The circumstances facing Hamas and changes that have taken place in the Middle East over the past several years likely motivated Hamas to act.

First, the socioeconomic deprivation of the Gaza Strip must be noted. Unemployment is at over 45%, 65% of the population lives below the poverty line and 80% of Gaza residents are forced to rely on some form of humanitarian support.

In 2012, the U.N. published a special report, “Gaza in 2020: A Livable Place?,” which answered the question in its title with a resounding “no.” In other words, the report emphasized that it is difficult for people to live in the Gaza Strip. Just as an example, water wells are contaminated due to sewage treatment problems and access to safe drinking water is poor.

This year also saw tensions in the West Bank on a scale not witnessed over the past 16 years. New Palestinian armed groups have emerged there, in Jenin and Nablus, and there have been repeated military actions by Israel. Hamas’ move is related to these developments: It wants to make known that its role in the struggle against Israel is preeminent.

In addition, we need to look at broader changes throughout the region. In the statement issued by Hamas in relation to the attack, the entry of the “radical Zionist right” into government was emphasized several times. This refers to the formation of Netanyahu's government together with religious Zionist parties at the end of last year.

In addition, the ongoing normalization of relations between Israel and Arab countries since 2020, and especially the imminent possibility of the normalization of ties with Saudi Arabia, must have been seen by many Palestinians, not just Hamas, as a blow: A process by which support for their cause among supposedly sympathetic states is being unravelled behind their back.

To be sure, many Arab states have been decreasing their involvement in the Palestinian issue for decades, but the normalization of diplomatic relations is an official declaration that this process has reached a stage from which there is no turning back.

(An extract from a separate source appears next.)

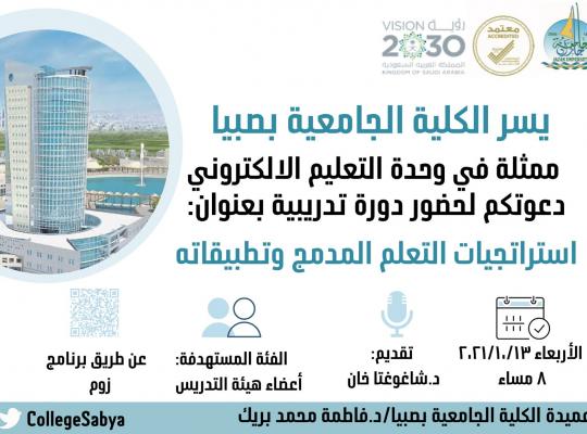 نظمت الكلية الجامعية بصبيا متمثلةً بوحدة التعليم الالكتروني دورة تدريبية بعنوان ” استراتيجيات التعلم المدمج وتطبيقاته ” يوم الأربعاء بتاريخ 7/3/1443 قدمتها د. شاغوفتا خان عبر تطبيق الزوم حيث تستهدف هذه الفعالية أعضاء هيئة التدريس وقد شهدت الدورة حضور

However, the question remains. What kind of discussions did Hamas have about these circumstances that led to the large-scale attack on Israel? Even if there is no doubt that the military wing led the move, what kind of coordination took place with Hamas leaders outside of Gaza? What is known at this point is limited.

Japanese society has been watching and paying close attention to these developments. While Japan has a long history of civil society-led solidarity movements with the Palestinians, Japanese political and business circles have deepened ties with Israel since the 2010s.

The increase in private investment has been particularly impressive, as demonstrated by the signing of a Japan-Israel investment agreement in 2017. It will be interesting to see whether these deepening economic and political ties will shift Japanese diplomacy toward the Middle East as a whole.

To date, the Japanese Ministry of Foreign Affairs does not appear to have changed its three-pronged policy toward peace in the Middle East, which involves political dialogue with concerned parties, confidence-building among the parties and economic assistance to the Palestinian people.

However, the current development could potentially be a turning point in this policy. Chief Cabinet Secretary Hirokazu Matsuno’s statement on Thursday, the first from the Japanese government to refer to Hamas’ attack as terrorism, may suggest that.

Meanwhile, Israeli attacks on Gaza have resulted in the deaths of numerous Palestinian civilians. The deployment of ground troops inside the territory will increase the number of casualties tremendously. The Japanese government and civil society have a responsibility to speak out against any use of violence in either Israel or the Palestinian territories in defense of humanitarianism and the value of human life.

Hiroyuki Suzuki is project associate professor and Sultan Qaboos Chair in Middle Eastern Studies at the University of Tokyo. His research areas include Middle Eastern politics, the Israeli-Palestinian conflict and modern Middle Eastern history.